===== RECORDS PROVIDED

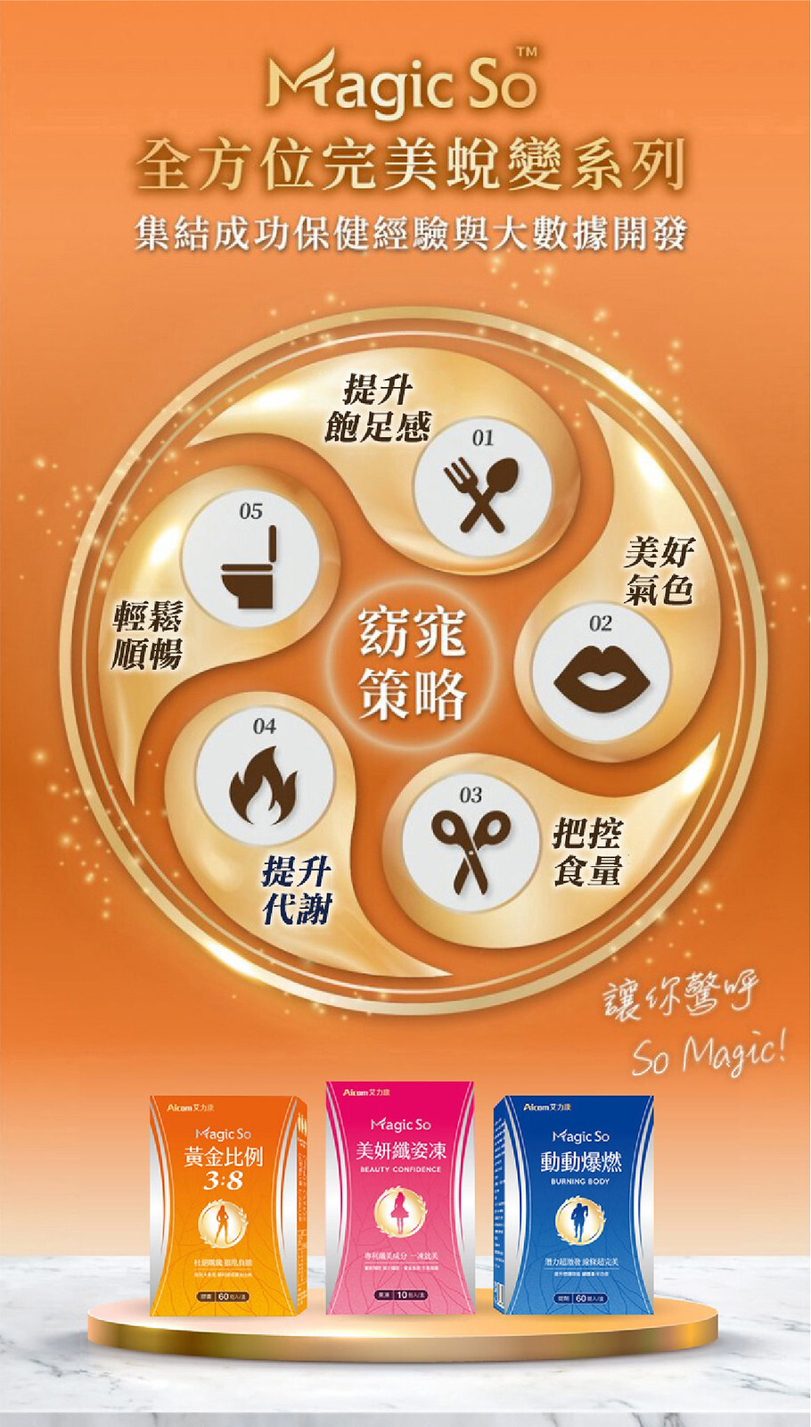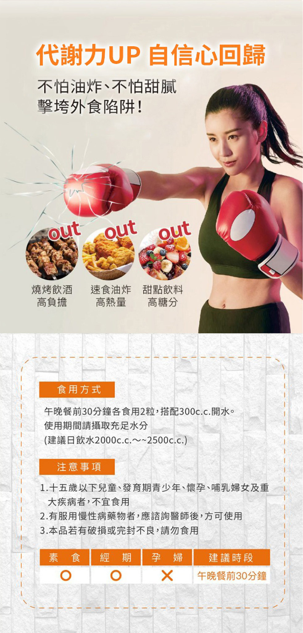 成分:藤黃果萃取物、非洲芒果種子萃取物、山茶花種子萃取物、瓜拿納萃取物、四棱白粉藤萃取物、褐藻萃取物、纖享塑益生菌、黑胡椒鹼、吡啶甲酸銘
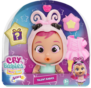 The Cry Babies Magic Tears Stars Talent Babies feature 8 articulated characters with removable silicone outfits and 5 accessories.Now in transparent packaging for easier collecting, these dolls cry real tears and celebrate their unique talents.
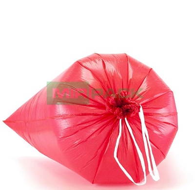 Мешки для мусора с завязками 35 л, 30 мкм, 10 штук, ПCД, красные, для тяжелого и острого мусора прямое дно + ленты для затягивания
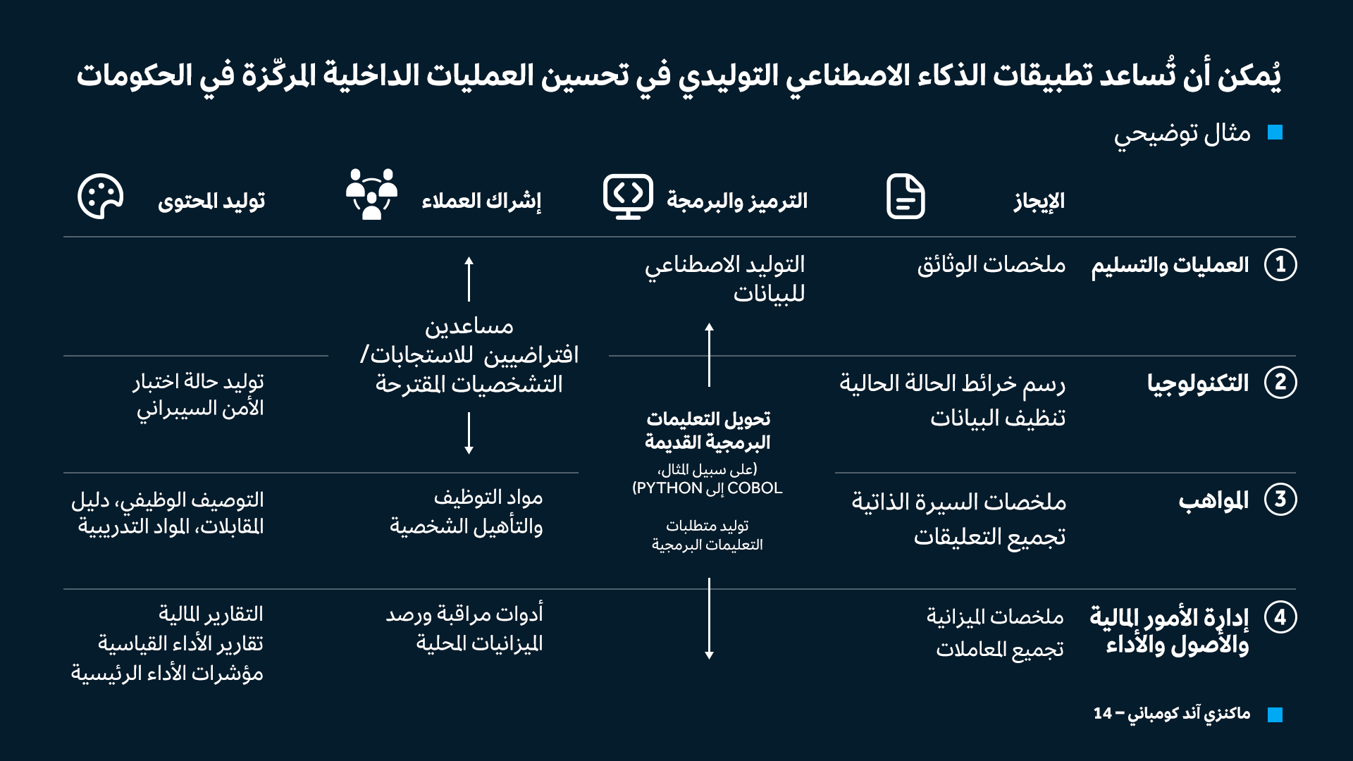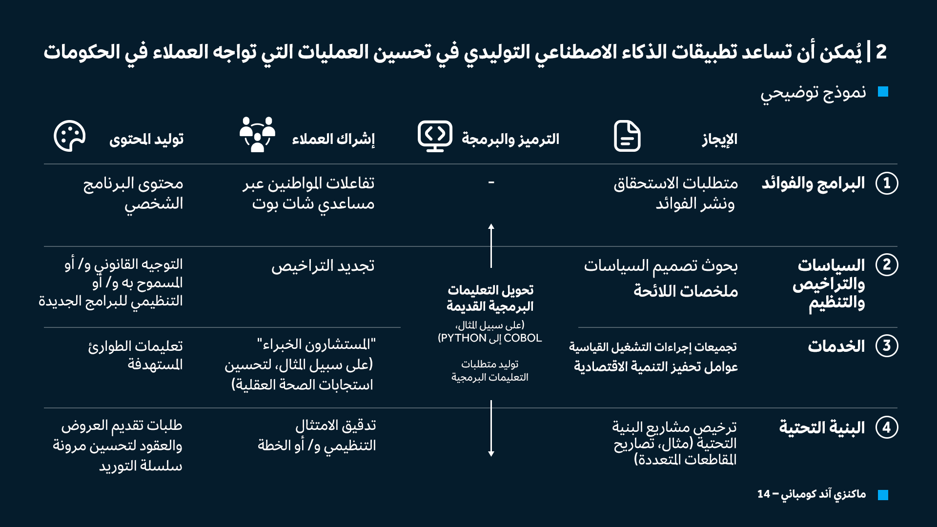 باعتبارها مزودَ خدمات رئيسياً للجمهور، فمن المرجح أن تولي الجهات الحكومية أهمية لتقديم هذه الخدمات كمجال حيوي للتحسينات المعتمدة على الذكاء الاصطناعي، وقد تكون أنسب بداية هي ما يُسمَّى بإطار 4Cs، الذي يضم أربع فئات مشتركة بين كافة القطاعات: تلخيص المحتوى وتكييفه، والترميز والبرمجيات، وإشراك العملاء، وإنشاء المحتوى (الشكل 2). ويندرج معظم تطبيقات الذكاء الاصطناعي التي شهدناها ضمن إحدى هذه الفئات الأربع، وهو ما ينطبق على مؤسسات القطاعين العام والخاص على حد سواء.
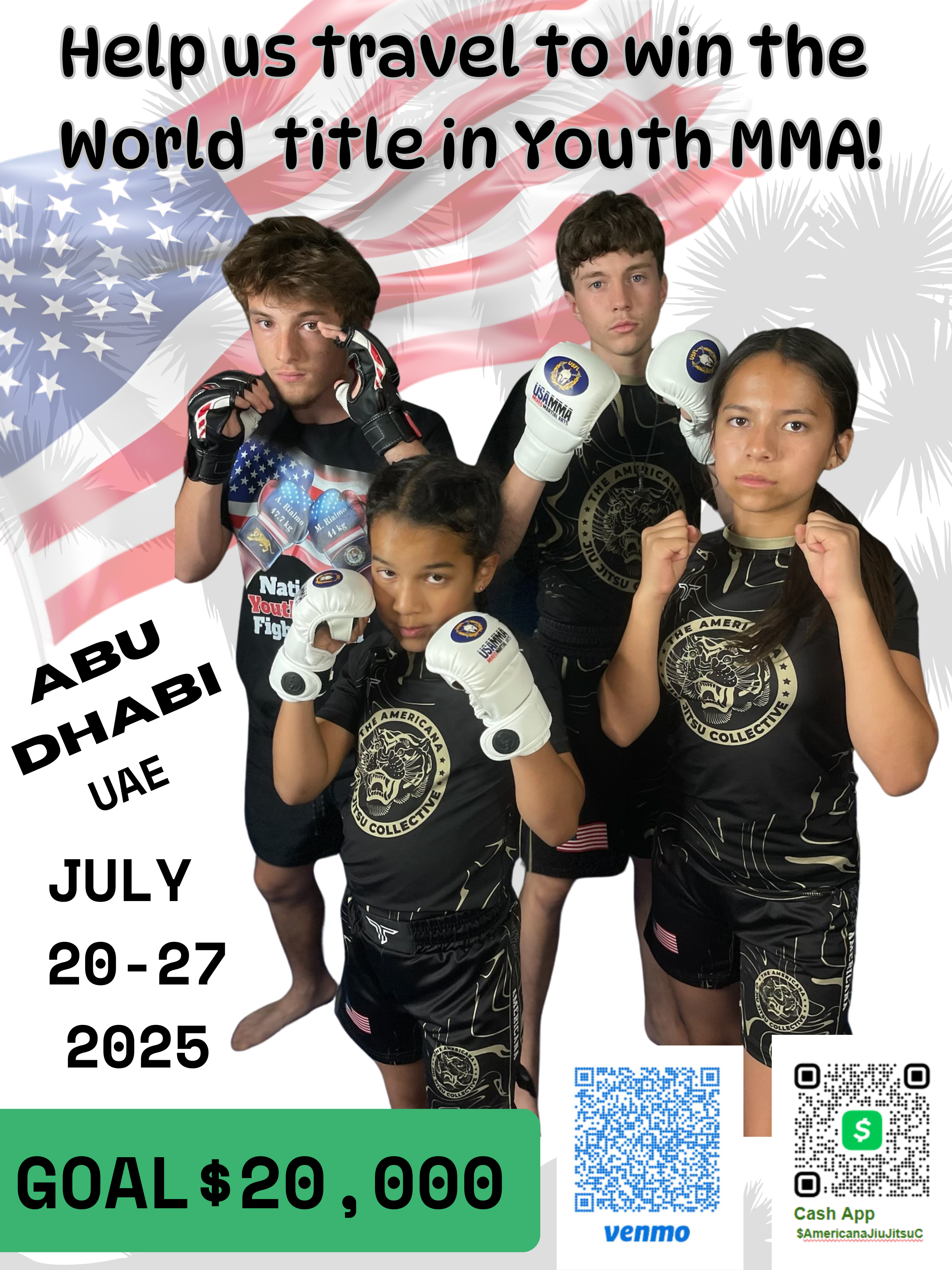 Hayden 16, Sofia 10, Samerica 12 and Thor 17 have been training relentlessly in preparation for the 2025 IMMAF Youth Amateur MMA World Championships in Abu Dhabi. They have dedicated themselves to training and mastering mixed martial arts. These four young athletes will be competing against other fighters from many different countries all for the same goal, 1st place, the best of the best.
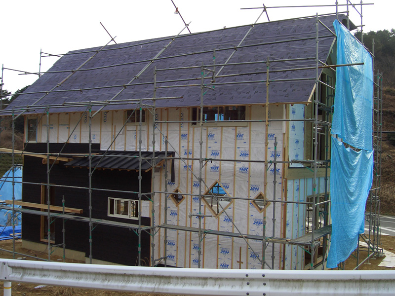 ところが、途中で大雪に降られた。しかも、日中の最高気温が上がらないため、積もった雪がなかなか溶けてくれない。屋根勾配はとても急で、かんたんな屋根足場をしているものの片手は足場を掴んでいないと屋根におれない。左手で足場を握り、右手にスコップでシャーベット状になった雪を砕いて板を貼った。ルーフィングは下で長さにカットして、どうにかして一人で貼れた。霜が降りたルーフィングが氷のようにツルツルになり、どうあがいても足が滑る恐怖を思い出す。
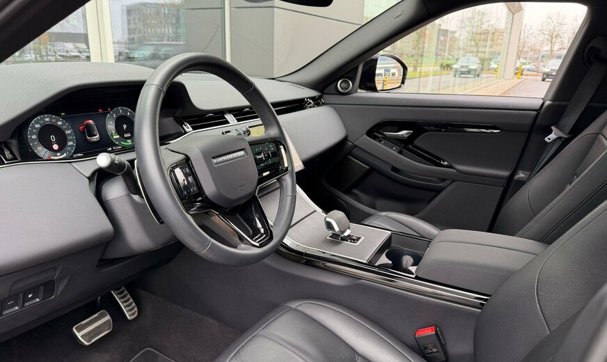 CO2:32gr/km 005cm, 005cn, secure tracker 12-month subscrlption , remote, external sound eng enhancemt, brake pads low copper, 021gz, charging cable-mode 3 var 2 , 021sa, two-zone climate control, 022ga, 022la, 025cw, voice control, 025fw, digital audio broadcast dab radio, meridian™ sound system, pivi diamond, navigation gsr-ii, wi-fi, sos assistance call, online pack with data plan, 025sf, knee protection, 026bk, s/b - elr/plp lhd pretensioner, wireless device charging, pivi pro connected , 026rd, passive suspension, electric rear axle drive, towbar prep/bike carrier euro, towing eye cover narvik black, tyre repair system, gloss black door mirror caps, 030ja, auto high beam assist ahba , heated, electric, power fold door mirrors with approach lights and auto-dimming driver side, auto-dimming interior rear view mirror, ebony headlining, driver seat memory, rear centre headrest, rear centre armrest, perforated grained leather seats, 40:20:40 split fold rear seat, 033lr, 033lv, 033rj, 033rq, 033va, 033xh, door armrest - pvc benecke, ebony / ebony, 035aa, euro/armen/kazakh 3yr conn. service pack, tyre config 1, speedometer kph, ip contrast - ebony/ebony, front driver display, dynamic exterior black pack 12, 039ia, starter system - fead integrated, 040zz, 043bc, electric cabin pre-conditioning, 046ac, 046da, chrome treadplates, steering column lock, front wheel steering, manually adjustable steering column, deployable bonnet/scuttle abag, bright metal pedals, filler neck phev, 053fa, power socket pack 2, powerpack 07, locking wheel nuts, 056aa, 056ah, 056bk, 056by, tyre pressure monitoring system tpms , 19\\\" wheel, 062zz, automatic headlight levelling, daytime running lights drl , 064bw, 064cp, gloss black grille, cabin lighting, led tail lights, led headlights with signature drl, adaptive cruise control, emergency braking, rear animated directional indicators, keyless entry, 066cz, weather protection seal, 068ac, powered tailgate / boot lid, 074qq, double locking, intrusion sensor, 076ez, satin chrome gearshift paddles, active transmission warming, 079fz, body-coloured roof, gloss black side vents, cladding/sill narvik black, bmpr lwr vlc body colour/narvik black, gloss black bonnet louvres, door trim panel tpo/pvc benecke, lane keep assist, traffic sign recognition and adaptive speed limiter, driver condition monitor, rear camera, blind spot assist, forward facing camera, rear traffic monitor, rear collision monitor, 11.4\\\" touchscreen, connected navigation pro, nav region 1 europe, 087zz, console lid pvc, morzine headlining, ip tpo/pvc benecke, non-smoker\\\'s pack, 095ja, double charge socket ac/dc type 2 combo, tyre recommended plate non english, 096va, door lock shields, petrol/electric hybrid, 116az, power output - 309ps, wireless device charging, front seat cushion power fore/aft, front seat cushion power height, front seat cushion drvr only pwr tilt, front seat squab power recline, 180ee, front headrest manual height, 180gg, 180hh, 180jj, front seat lumbar - 4 way, apple carplay® subject to availability , android auto™ subject to availability , connected navigation data, 183ha, esim, 184aa, ebony morzine headlining, 188kc, public charging cable, front and rear parking aid, 1.5 aj20 p3h phev 200cu, 1.5 aj20 p3h phev, 40:20:40 folding rear seats with centre armrest, range rover evoque, 12-way driver memory 10-way passenger elec frtseats, 2-way manual headrests rr centre armrest, 12-way driver and 10-way passenger electric driver memory front seats with 2-way manual headrests, 329aa, d8, dynamic se, 381aa, 382aa, styling - dynamic, l551 range rover evoque, k9999, 017cf, 017gz, 017tc, 028ha, 072zz, 074pu, 187ez, 281aa, 8-speed automatic transmission, grained leather seat facings - ebony, 24my, dynamic se 309ps auto, heated front seats, privacy glass, sliding panoramic roof, shadow grey ash veneer, production build for retailer ordering, black exterior pack, 19\\\" style 5136, gloss black, santorini black, front spring load class g, rear spring load class k
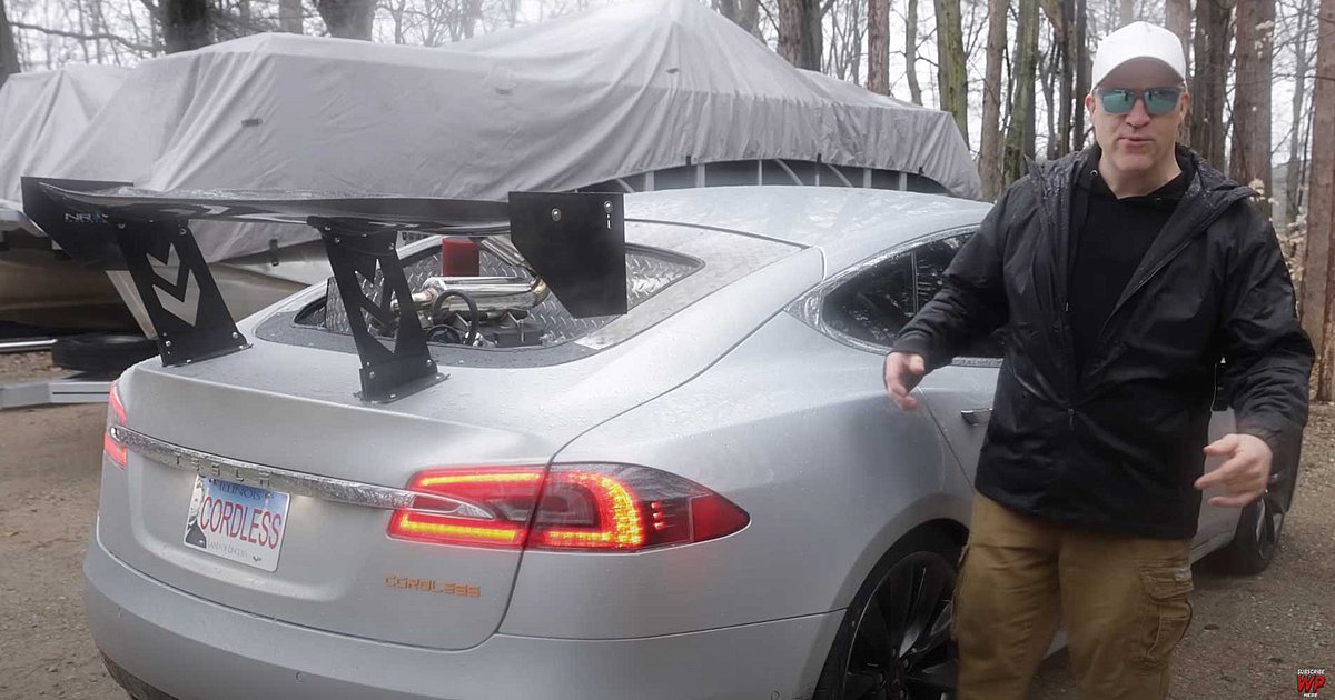 Μέσα από το κανάλι του Warped Perception στο YouTube παρουσίασε το δημιούργημά του: Τοποθέτησε στο πίσω μέρος του Tesla ένα μικρό turbo κινητήρα diesel, ισχύος 26 PS, ο οποίος είχε το ρόλο του range extender. Με άλλα λόγια, καλούνταν να φορτίζει την μπαταρία εν κινήσει, ώστε να μεγαλώνει η αυτονομία που προσφέρει και να μη χρειάζεται να σταματά συχνά για φόρτιση, μετατρέποντας το ηλεκτρικό όχημα σε υβριδικό.
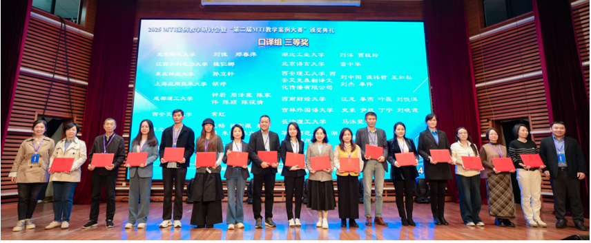 MTI教育中心持续推进教学改革的重要成果。近年来,中心紧跟翻译行业数字化转型趋势,构建了“思政引领+技术赋能+交叉创新”三位一体的培养体系,通过校企合作共建实践基地、引入智能翻译教学平台、开设翻译技术专项课程等模式,不断提升教学质量与人才竞争力。未来,MTI教育中心将以此次获奖为契机,进一步深化教学改革,加强与全国高校及企业的交流合作,持续培养适应人工智能时代需求的复合型翻译人才,为翻译专业教育发展与国家语言服务能力建设贡献更大力量。
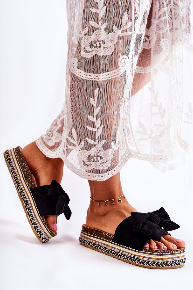 Damskie Klapki Na Masywnej Platformie Z Kokardą Czarne Macardi
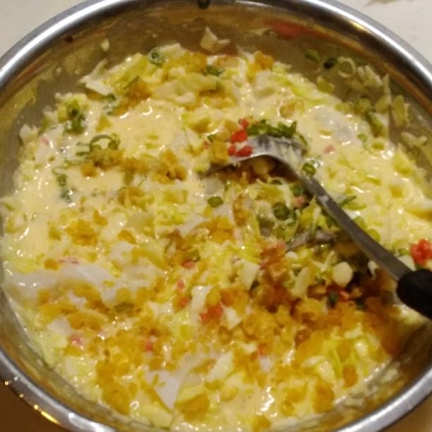 混ざったら、キャベツ・青ネギ・バナメイエビ・冷凍カットイカ・紅生姜・天かす・ちくわを入れてよく混ぜます
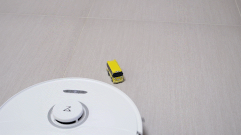 這個部份,我準備了幾個家中比較容易遇到的,首先,第一個是玩具,大的沒什麼,我們直接來試試小玩具,這高度大概只有 3 公分,可以看到掃地機完全沒碰到它,一點都沒移動。
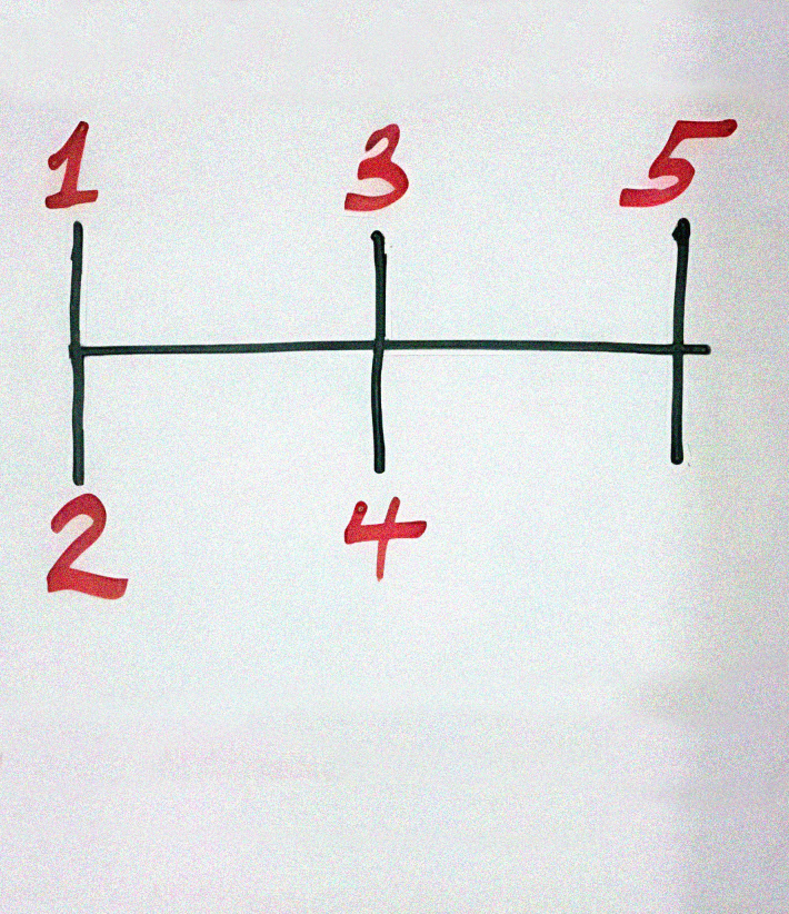 Veel raadsels lijken simpel, maar worden pas echt leuk zodra je doorhebt waar het plaatje naar verwijst. In eerste instantie zie je alleen wat lijnen met nummers eromheen: links 1 en 2, in het midden 3 en 4, en rechtsboven een 5. Als je ooit in een handgeschakelde auto hebt gereden, herken je meteen dat dit het schakelschema van een klassieke versnellingsbak is.

==========

▶ [EXERCISE GOAL] Repeat exactly the lines from the first line of the records above through the line containing "ところが、途中で大雪に降られ", both included. Leave out the pictures.

▶ [ANSWER SECTION]
 成分:藤黃果萃取物、非洲芒果種子萃取物、山茶花種子萃取物、瓜拿納萃取物、四棱白粉藤萃取物、褐藻萃取物、纖享塑益生菌、黑胡椒鹼、吡啶甲酸銘
 The Cry Babies Magic Tears Stars Talent Babies feature 8 articulated characters with removable silicone outfits and 5 accessories.Now in transparent packaging for easier collecting, these dolls cry real tears and celebrate their unique talents.
 Мешки для мусора с завязками 35 л, 30 мкм, 10 штук, ПCД, красные, для тяжелого и острого мусора прямое дно + ленты для затягивания
 باعتبارها مزودَ خدمات رئيسياً للجمهور، فمن المرجح أن تولي الجهات الحكومية أهمية لتقديم هذه الخدمات كمجال حيوي للتحسينات المعتمدة على الذكاء الاصطناعي، وقد تكون أنسب بداية هي ما يُسمَّى بإطار 4Cs، الذي يضم أربع فئات مشتركة بين كافة القطاعات: تلخيص المحتوى وتكييفه، والترميز والبرمجيات، وإشراك العملاء، وإنشاء المحتوى (الشكل 2). ويندرج معظم تطبيقات الذكاء الاصطناعي التي شهدناها ضمن إحدى هذه الفئات الأربع، وهو ما ينطبق على مؤسسات القطاعين العام والخاص على حد سواء.
 Hayden 16, Sofia 10, Samerica 12 and Thor 17 have been training relentlessly in preparation for the 2025 IMMAF Youth Amateur MMA World Championships in Abu Dhabi. They have dedicated themselves to training and mastering mixed martial arts. These four young athletes will be competing against other fighters from many different countries all for the same goal, 1st place, the best of the best.
 ところが、途中で大雪に降られた。しかも、日中の最高気温が上がらないため、積もった雪がなかなか溶けてくれない。屋根勾配はとても急で、かんたんな屋根足場をしているものの片手は足場を掴んでいないと屋根におれない。左手で足場を握り、右手にスコップでシャーベット状になった雪を砕いて板を貼った。ルーフィングは下で長さにカットして、どうにかして一人で貼れた。霜が降りたルーフィングが氷のようにツルツルになり、どうあがいても足が滑る恐怖を思い出す。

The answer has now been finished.